→ **Records supplied**
* * * * * * * * *
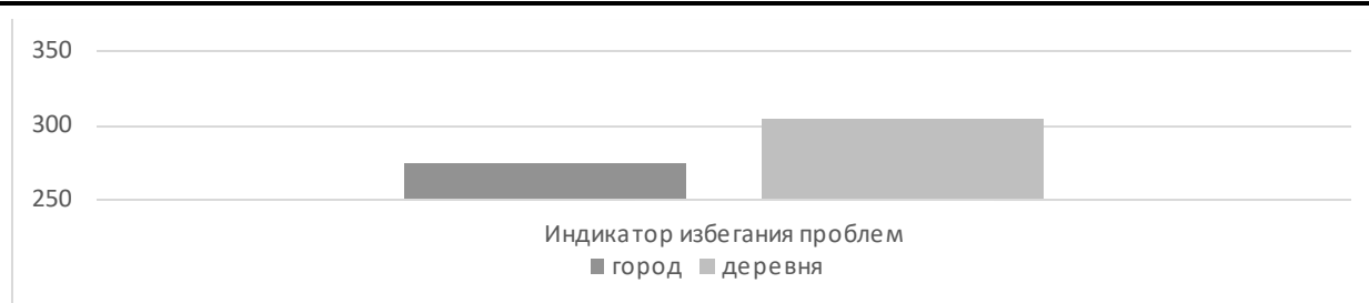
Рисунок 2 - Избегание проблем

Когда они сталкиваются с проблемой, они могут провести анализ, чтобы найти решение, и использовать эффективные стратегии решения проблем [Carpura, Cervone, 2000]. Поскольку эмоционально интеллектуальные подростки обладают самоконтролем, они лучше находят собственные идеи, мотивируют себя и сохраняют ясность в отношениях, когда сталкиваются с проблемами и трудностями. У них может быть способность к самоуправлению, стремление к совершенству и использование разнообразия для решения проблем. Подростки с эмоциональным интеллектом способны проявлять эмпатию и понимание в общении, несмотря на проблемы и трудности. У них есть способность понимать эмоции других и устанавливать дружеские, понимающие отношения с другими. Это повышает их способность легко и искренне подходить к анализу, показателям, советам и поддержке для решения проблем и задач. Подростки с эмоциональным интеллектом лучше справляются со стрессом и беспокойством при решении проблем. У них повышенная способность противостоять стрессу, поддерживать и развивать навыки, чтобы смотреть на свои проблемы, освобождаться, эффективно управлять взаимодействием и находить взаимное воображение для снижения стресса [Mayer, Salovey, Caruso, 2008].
* * * * * * * * *
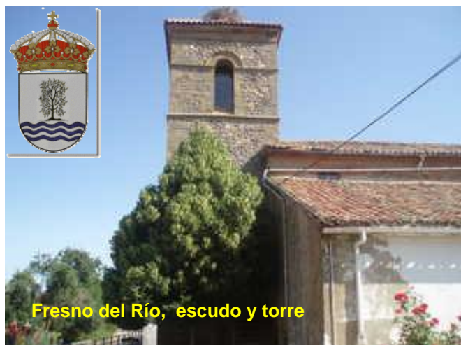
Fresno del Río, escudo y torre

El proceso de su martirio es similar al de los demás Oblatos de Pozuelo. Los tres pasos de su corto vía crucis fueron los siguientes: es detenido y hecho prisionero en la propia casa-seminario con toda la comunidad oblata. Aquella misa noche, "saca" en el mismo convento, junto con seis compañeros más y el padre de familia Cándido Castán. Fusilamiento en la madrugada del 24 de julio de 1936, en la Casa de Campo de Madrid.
* * * * * * * * *
→ **Task instructions**
Restate word for word the lines of the data above, starting at the line containing "Fresno del Río, escudo y torre" and ending at the line containing "El proceso de", both included, and nothing more.

→ **Written solution**
Fresno del Río, escudo y torre

El proceso de su martirio es similar al de los demás Oblatos de Pozuelo. Los tres pasos de su corto vía crucis fueron los siguientes: es detenido y hecho prisionero en la propia casa-seminario con toda la comunidad oblata. Aquella misa noche, "saca" en el mismo convento, junto con seis compañeros más y el padre de familia Cándido Castán. Fusilamiento en la madrugada del 24 de julio de 1936, en la Casa de Campo de Madrid.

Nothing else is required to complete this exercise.